Effects of shading on lignin biosynthesis in the leaf of tea plant (Camellia sinensis (L.) O. Kuntze).

机构信息

Tea Science Research Institute, College of Horticulture, Nanjing Agricultural University, Nanjing, 210095, China.

出版信息

Mol Genet Genomics. 2021 Jan;296(1):165-177. doi: 10.1007/s00438-020-01737-y. Epub 2020 Oct 28.

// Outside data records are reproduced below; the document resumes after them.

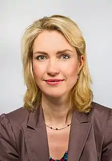 The current and first female Minister-President is Manuela Schwesig, since 2021 heading a coalition government between the Social Democrats and The Left.[1] Schwesig succeeded Erwin Sellering in July 2017.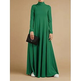 Női Midi ruha Karácsonyi ruha Divat Modern Szabadtéri Karácsony Alkalmi Laza öltözet Sima Hosszú ujj Magasnyakú Fekete Rubin Sötétkék Bíbor Ősz Tél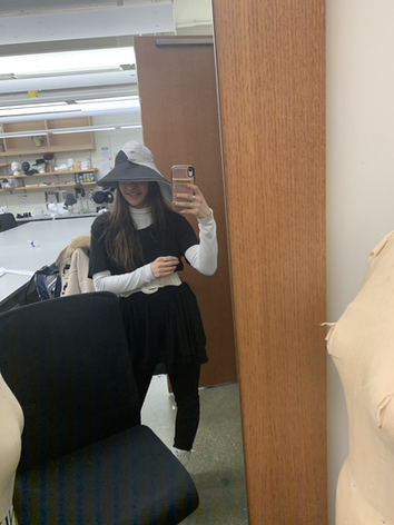 This hat consists of a four-piece sectional crown, silk lining, and an asymmetric brim - high on the left, low on the right.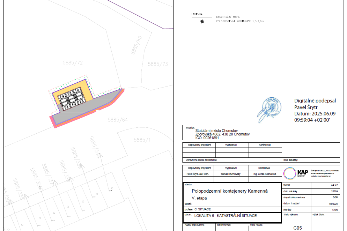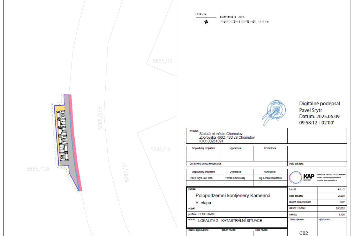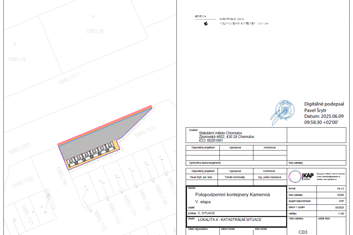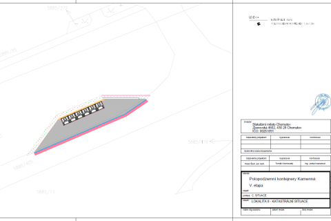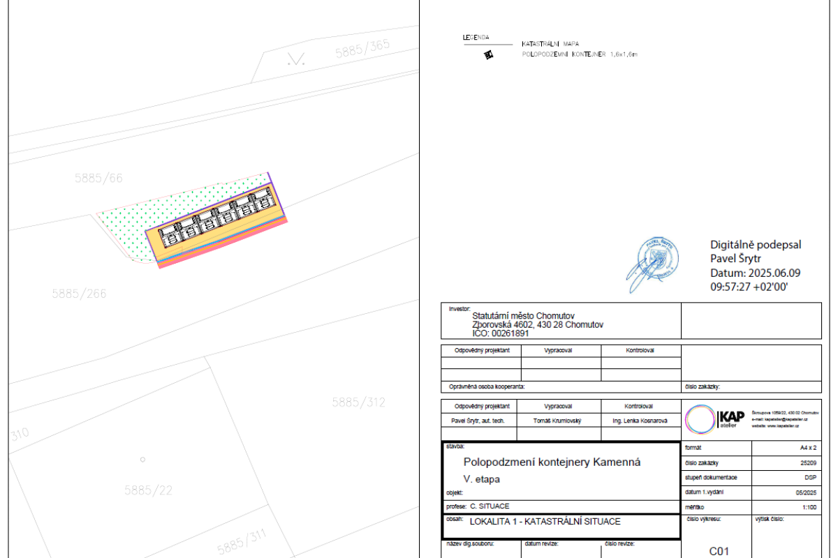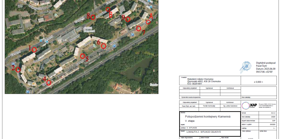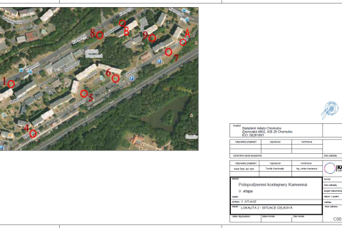 Předmětem plnění bylo vybudování 8 velkokapacitních "hnízd" (stání) polopodzemních kontejnerů na směsný a tříděný komunální odpad a 2 parkovacích ploch v lokalitě sídliště Kamenná v Chomutově: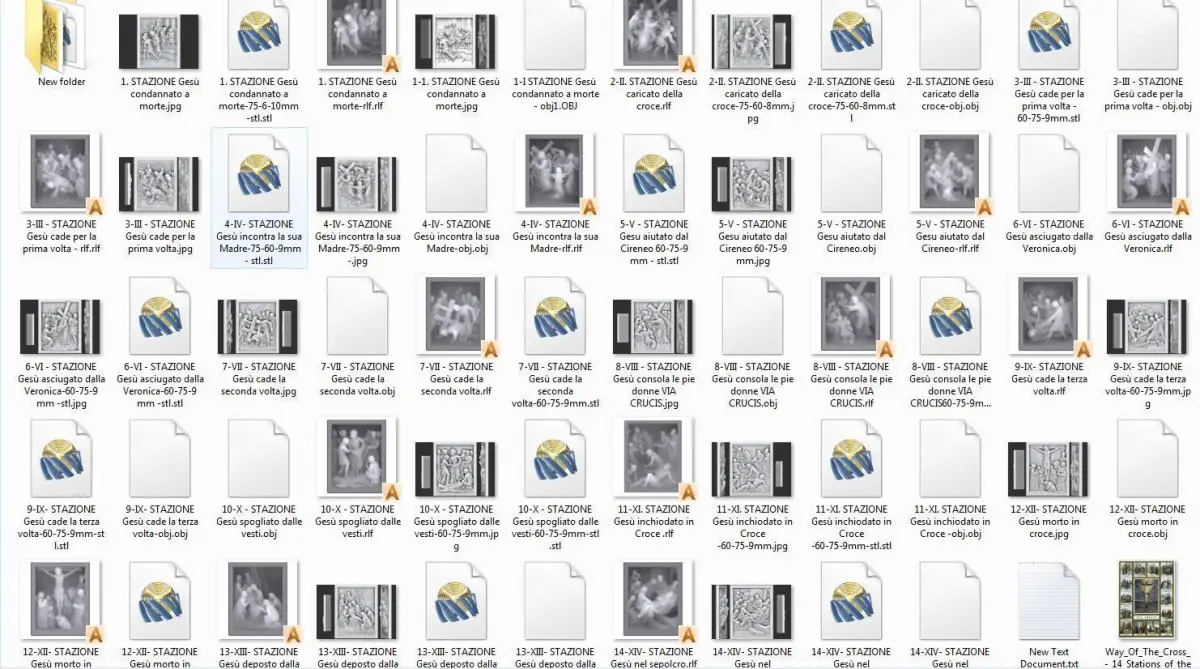 - STAZIONE Gesù condannato a morte 1.I STATION Jesus condemned to deathII. STAZIONE Gesù caricato della croce 2-II. STATION Jesus carrying the crossIII. STAZIONE Gesù cade per la prima volta 3-III. STATION Jesus falls for the first timeIV. STAZIONE Gesù incontra la sua Madre 4-IV. STATION Jesus meets his MotherV . STAZIONE Gesu aiutato dal Cireneo 5-V. STATION Jesus helped by the CyreneanVI . STAZIONE Gesù asciugato dalla Veronica 6-VI. STATION Jesus dried by Veronica free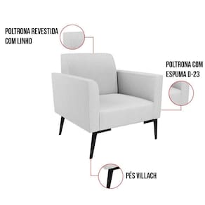 Todo mundo gosta de um ambiente bem decorado, e se for novidade melhor ainda não é mesmo? A DRossi, além de entregar beleza, qualidade e confiança aos clientes, ela dispõe das melhores opções em produtos, disponíveis no mercado! Se você quer um produto sofisticado, opte pela Poltrona Marisa. Ela dispõe de um tom lindo, uma cor leve, neutra e delicada que combina com qualquer estilo de decoração. Esta mobília fica perfeita na sala, escritório, quarto, varanda coberta e onde mais preferir! Sua estrutura é feita em madeira reforçada de eucalipto proveniente de reflorestamento. No assento/encosto contém um revestimento no tecido Linho, com estofamento em espuma prorelax D-23, garantindo maior conforto ao usuário. A sustentação da peça é dada pelos Pés Villach, garantindo uma resistência melhor, para relaxar o dia todo com mais comodidade. A Poltrona Marisa é ideal, para dar aquele realce que seu ambiente precisa. Tenho certeza que, esse móvel é a melhor compra que você irá fazer. Garanta já sua poltrona e se acomode da melhor maneira possível!

DOI:10.1007/s00438-020-01737-y
PMID:33112986
Abstract

Shading can effectively reduce photoinhibition and improve the quality of tea. Lignin is one of the most important secondary metabolites that play vital functions in plant growth and development. However, little is known about the relationship between shading and xylogenesis in tea plant. To investigate the effects of shading on lignin accumulation in tea plants, 'Longjing 43' was treated with no shading (S0), 40% (S1) and 80% (S2) shading treatments, respectively. The leaf area and lignin content of tea plant leaves decreased under shading treatments (especially S2). The anatomical characteristics showed that lignin is mainly distributed in the xylem of tea leaves. Promoter analysis indicated that the genes involved in lignin pathway contain several light recognition elements. The transcript abundances of 12 lignin-associated genes were altered under shading treatments. Correlation analysis indicated that most genes showed strong positive correlation with lignin content, and CsPAL, Cs4CL, CsF5H, and CsLAC exhibited significant positively correlation under 40% and 80% shading treatments. The results showed that shading may have an important effect on lignin accumulation in tea leaves. This work will potentially helpful to understand the regulation mechanism of lignin pathway under shading treatment, and provide reference for reducing lignin content and improving tea quality through shading treatment in field operation.

摘要

遮荫可以有效降低光抑制,提高茶叶品质。木质素是植物生长发育过程中最重要的次生代谢产物之一,具有重要的功能。然而,关于遮荫与茶树木质素形成之间的关系知之甚少。为了研究遮荫对茶树木质素积累的影响,分别用不遮荫(S0)、40%遮荫(S1)和 80%遮荫(S2)处理龙井 43 茶树。遮荫处理下,茶树叶片的叶面积和木质素含量下降(尤其是 S2)。解剖学特征表明,木质素主要分布在茶树叶片的木质部中。启动子分析表明,木质素途径相关基因含有几个光识别元件。12 个木质素相关基因的转录丰度在遮荫处理下发生改变。相关性分析表明,大多数基因与木质素含量呈强正相关,CsPAL、Cs4CL、CsF5H 和 CsLAC 在 40%和 80%遮荫处理下表现出显著的正相关性。结果表明,遮荫可能对茶树叶片木质素积累有重要影响。这项工作有助于理解遮荫处理下木质素途径的调控机制,并为通过田间操作遮荫处理降低木质素含量和提高茶叶品质提供参考。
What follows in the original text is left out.